Traditional relational databases were throwing tantrums whenever things got big. So, Facebook engineers Avinash Lakshman (one of the guys behind Amazon Dynamo) and Prashant Malik decided to Frankenstein their own solution.

They took inspiration from Dynamo’s distributed model and Bigtable’s storage engine and BOOM! Cassandra was born.

Facebook used it for their inbox search, but soon, they open-sourced it because, well, they had bigger fish to fry. In 2009, the Apache Foundation picked it up, and Cassandra officially became a thing. Since then, it’s been making waves in big data, powering companies like Netflix, Apple, and Uber.
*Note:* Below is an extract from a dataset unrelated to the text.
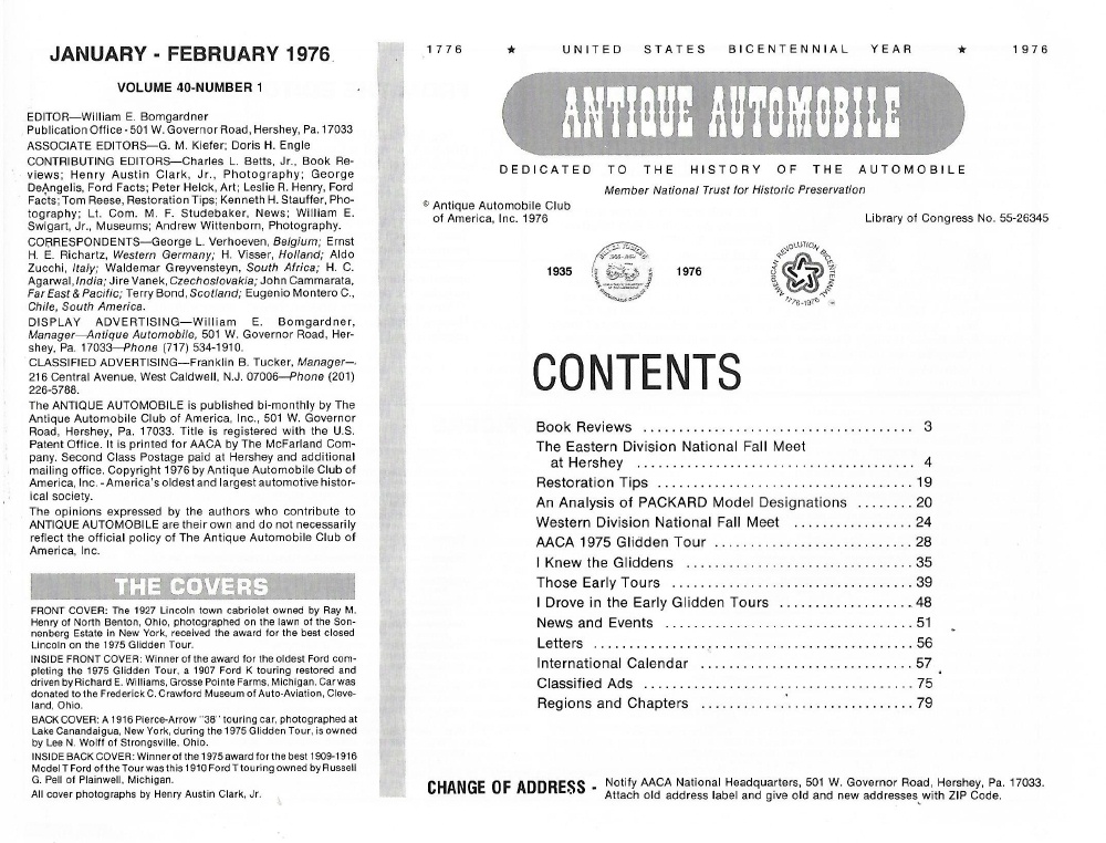 Reviews ANTIQUE AUTOMOBILE 1976 JAN - '27 LINCOLN TOWN CABRIOLET, '07 FORD K,'16 PIERCE

What Makes Cassandra Special?

Decentralization – No single point of failure. Every node in the cluster is equal, like a true democracy (but one that actually works).
Scalability – Horizontal scaling, baby! Need more capacity? Just add more nodes.
High Availability – Thanks to its peer-to-peer design, it just won’t quit.
Write-Optimized – Cassandra laughs in the face of heavy write workloads.
Tunable Consistency – Choose between strong and eventual consistency, depending on how much you like living on the edge.

Installing Cassandra

Alright, enough talk. Let’s get Cassandra up and running.

Step 1: Install Java

Cassandra runs on Java, so make sure you’ve got Java installed:

1
java -version

If not, install it (for example, on Ubuntu):

1
sudo apt update && sudo apt install openjdk-11-jdk

Step 2: Install Cassandra

For Ubuntu:

1
2
3
4
echo "deb http://www.apache.org/dist/cassandra/debian 311x main" | sudo tee -a /etc/apt/sources.list.d/cassandra.list
curl https://downloads.apache.org/cassandra/KEYS | sudo apt-key add -
sudo apt update
sudo apt install cassandra

Start it up:

1
sudo systemctl start cassandra

And check if it’s running:

1
nodetool status

Boom! You’ve got a Cassandra node up and running.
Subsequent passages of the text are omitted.